Les bâtonniers ont transmis au CNB une proposition de modification du RIN prohibant le port de signes manifestant une appartenance ou une opinion religieuse, philosophique ou politique.
Les bâtonniers ne veulent autoriser aucun signe distinctif sur le costume professionnel de l’avocat. Lors de son assemblée générale du 22 septembre 2022, la Conférence des bâtonniers a en effet adopté et transmis au Conseil national des barreaux (CNB) une proposition d’article à insérer dans le Règlement intérieur national (RIN), libellée en ces termes : « L’avocat ne peut porter avec la robe aucun signe manifestant une appartenance ou une opinion religieuse, philosophique ou politique ». « Notre volonté était que les bâtonniers puissent s’exprimer et prendre position, ce qu’ils ont fait en souhaitant avoir une règlementation sur le sujet et en proposant un texte », explique le président de la Conférence des bâtonniers, Bruno Blanquer.
Règles disparates. Le débat sur le port de signes religieux, qui existe au sein de la profession d’avocat depuis de nombreuses années, a été relancé en 2022 à la suite de deux événements. Tout d’abord, en janvier, lors de la rentrée de l’École de formation des barreaux (EFB), une élève-avocate a été priée d’enlever son voile au moment de la prestation du petit serment, ce qui a provoqué une polémique sur les réseaux sociaux (GPL 11 janv. 2022, n° GPL430v5). Ensuite, le 2 mars, la Cour de cassation a rendu un arrêt énonçant que les ordres étaient compétents pour édicter des règles en la matière, à défaut de prise de position du CNB dont la mission historique est d’unifier les règlements au sein du RIN (Cass. 1re civ., 2 mars 2022, n° 20-20185 : GPL 12 avril 2022, n° GPL434q1). Ce dernier étant silencieux sur le sujet, les bâtonniers ont décidé de prendre la Cour de cassation au mot et de s’en saisir. Un travail d’autant plus attendu au sein des barreaux que les règles les plus disparates coexistent, laissant certains conseils de l’ordre démunis sur l’attitude à adopter. « En avril, nous avons recensé les règlements intérieurs des barreaux.

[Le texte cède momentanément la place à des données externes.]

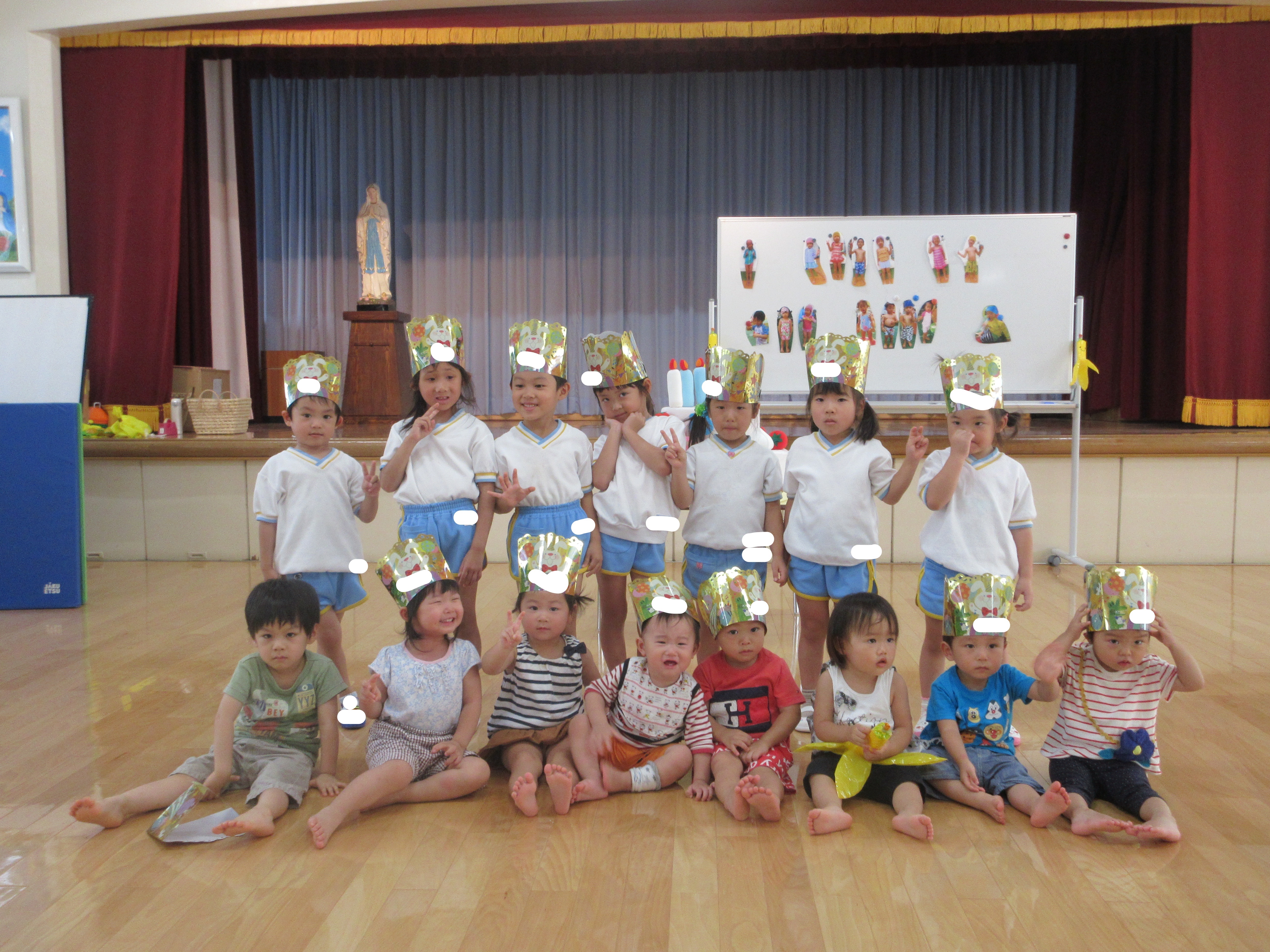 8月20日に7月8月9月のお誕生会がありました。15名のお友達がみんなにお祝いしてもらいました。オープニングは、園長先生やそら組さんがステージで片足バランスを披露してくれました。みんなヨロヨロしながらも頑張りました。今回のお誕生会のテーマは、バナナでした。バナナの妖精さんが、お誕生児のお友達を紹介したり、「とんでったバナナ」のパネルシアターを披露してくれて、みんな楽しそうでした。最後にローザの可愛いアイドルが、「とんでったバナナ」を踊ってくれて、大盛り上がりでした☆
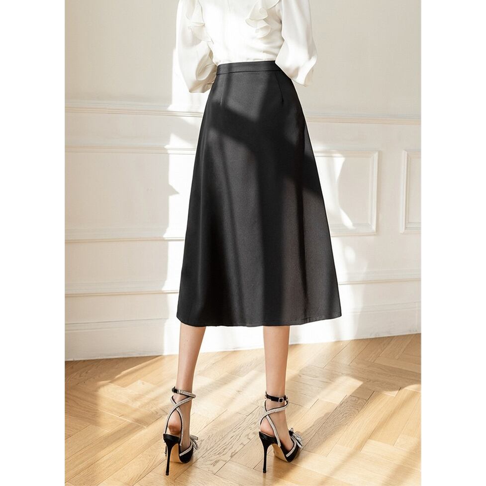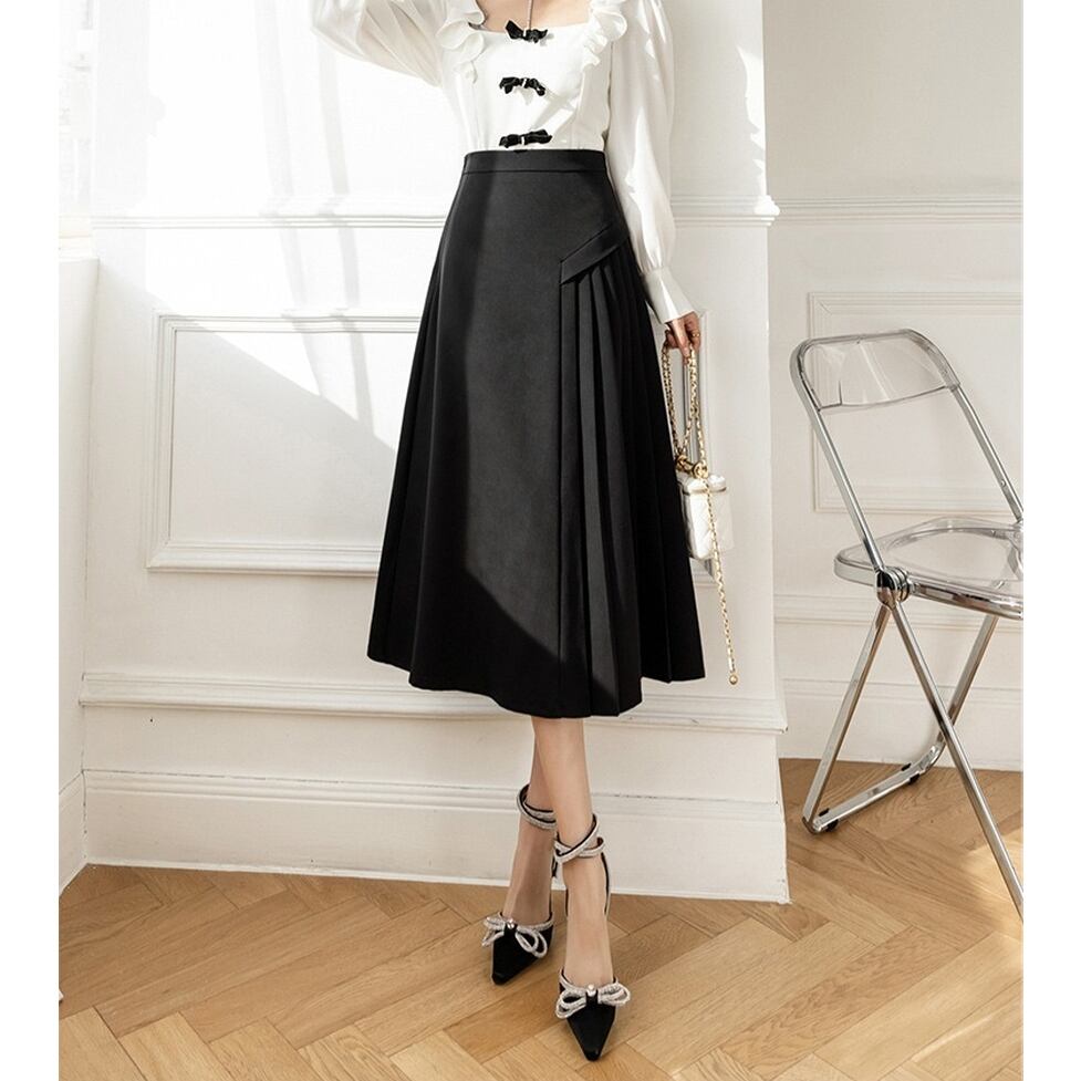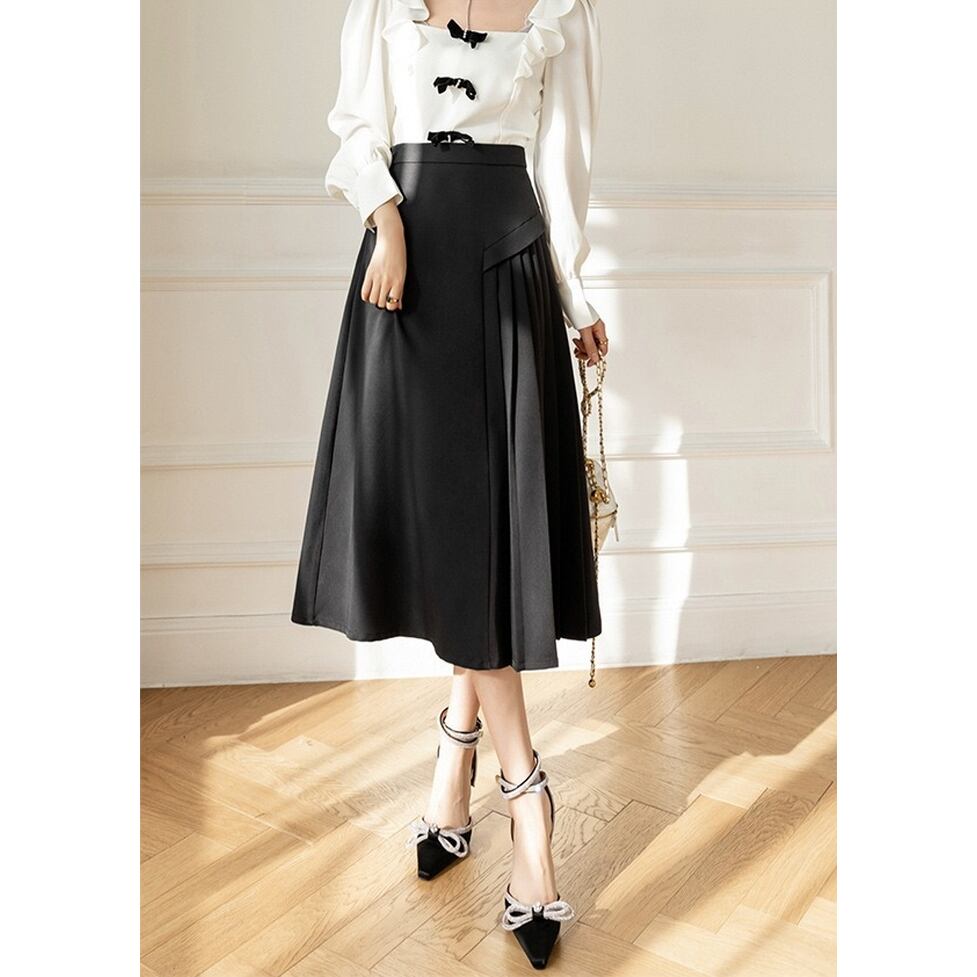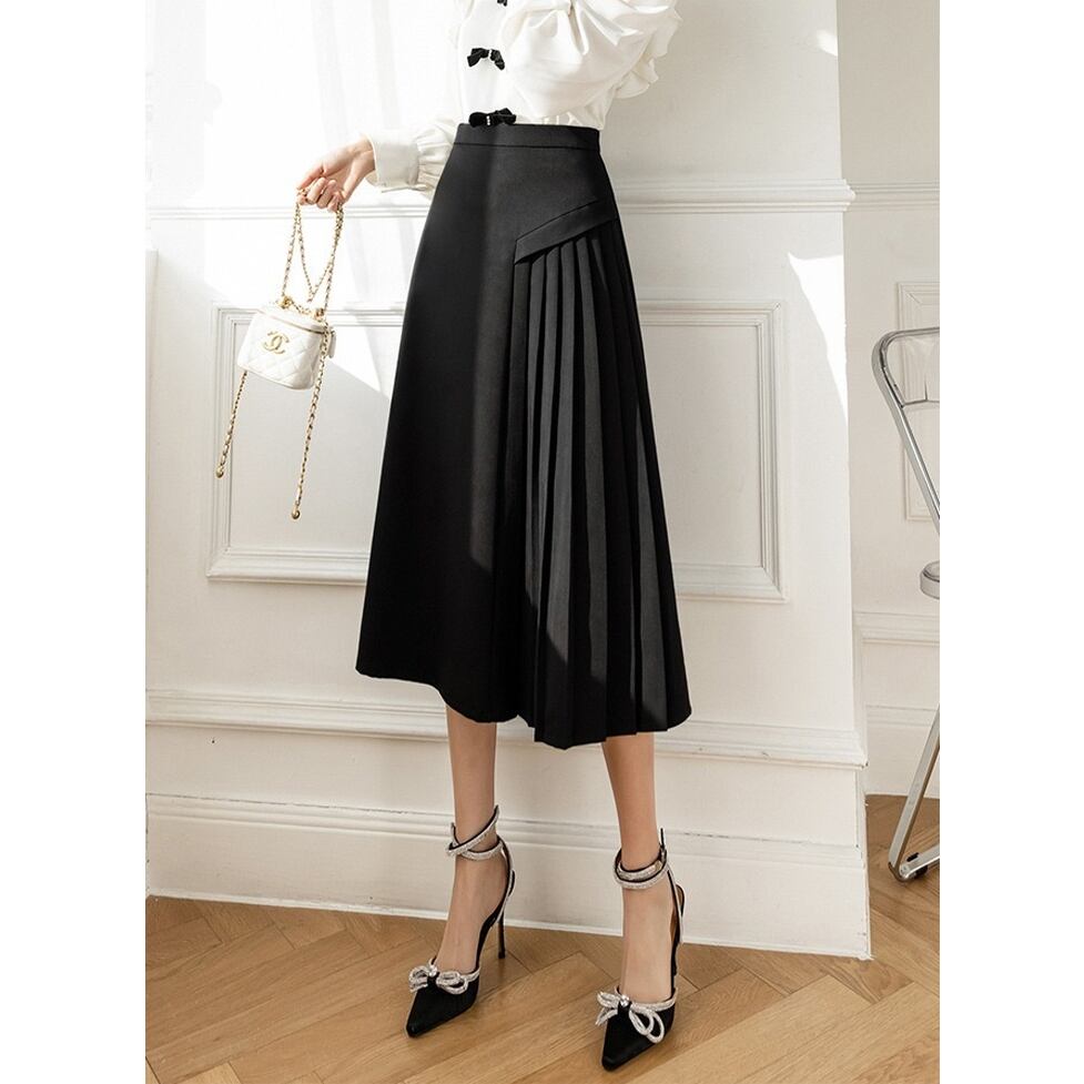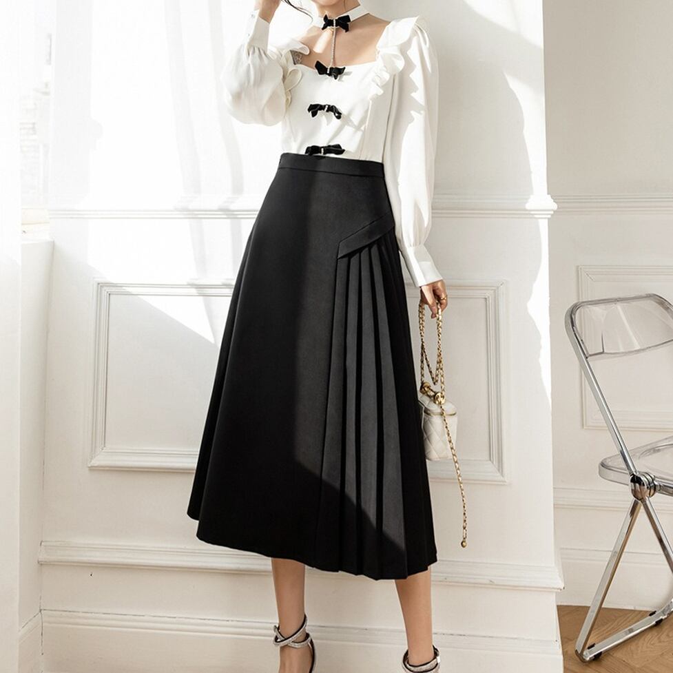 サイドのプリーツが際立つアシンメトリーのスカート。ドレッシーなのに親しみやすさもあり。自然なスタイルアップをかなえてより洗練された姿へ

Sur les 58 barreaux qui ont répondu, 28 n’avaient inséré aucune clause sur le sujet, 8 règlementaient le port de la robe sans viser les signes religieux, et 28 avaient inséré une clause règlementant le port de signes distinctifs sur la robe », relate Bruno Blanquer
Procès équitable. Pourquoi avoir choisi d’interdire tout signe d’appartenance religieuse, politique ou philosophique ? « Le costume de l’avocat à l’audience doit être neutre pour garantir l’égalité des justiciables et le droit à un procès équitable. Au sein d’un tribunal, l’avocat ne doit pas porter d’autres paroles que celles de son client », justifie Bruno Blanquer. Et de préciser : « Nous avons souhaité que la règlementation proposée respecte pleinement les deux critères retenus par la Cour de cassation, à savoir absence de discrimination et caractère proportionné. Pour cette raison, il a été décidé de limiter celle-ci au port de la robe à l’audience ».
Réflexion. Conformément au vote des bâtonniers, la Conférence a transmis sa proposition au CNB. Lequel n’est pas si pressé de prendre position sur le sujet. Il y a quelques semaines, son bureau a en effet demandé au conseiller d’État Christian Vigouroux de mener une réflexion sur la question du costume professionnel. « L’idée est d’externaliser et de nous aider à réfléchir », explique le président du CNB Jérôme Gavaudan. « Nous voulons avoir un vrai débat, avec un raisonnement juridique, collectif et même sociologique ». Les conclusions sont attendues courant 2023. Pour autant, Bruno Blanquer se défend d’avoir voulu court-circuiter l’institution représentative des avocats avec la motion du 22 septembre. « Le CNB est dans son rôle en voulant être exhaustif et en s’entourant d’avis, assure-t-il. Les ordres appliqueront le RIN quand une décision aura été prise et leur règlement intérieur dans l’intervalle, avec bien évidemment à leur côté la Conférence des bâtonniers, dont la fonction est de recueillir leur voix et de la porter au CNB, surtout sur un sujet comme celui-ci, qui est ordinal par excellence ».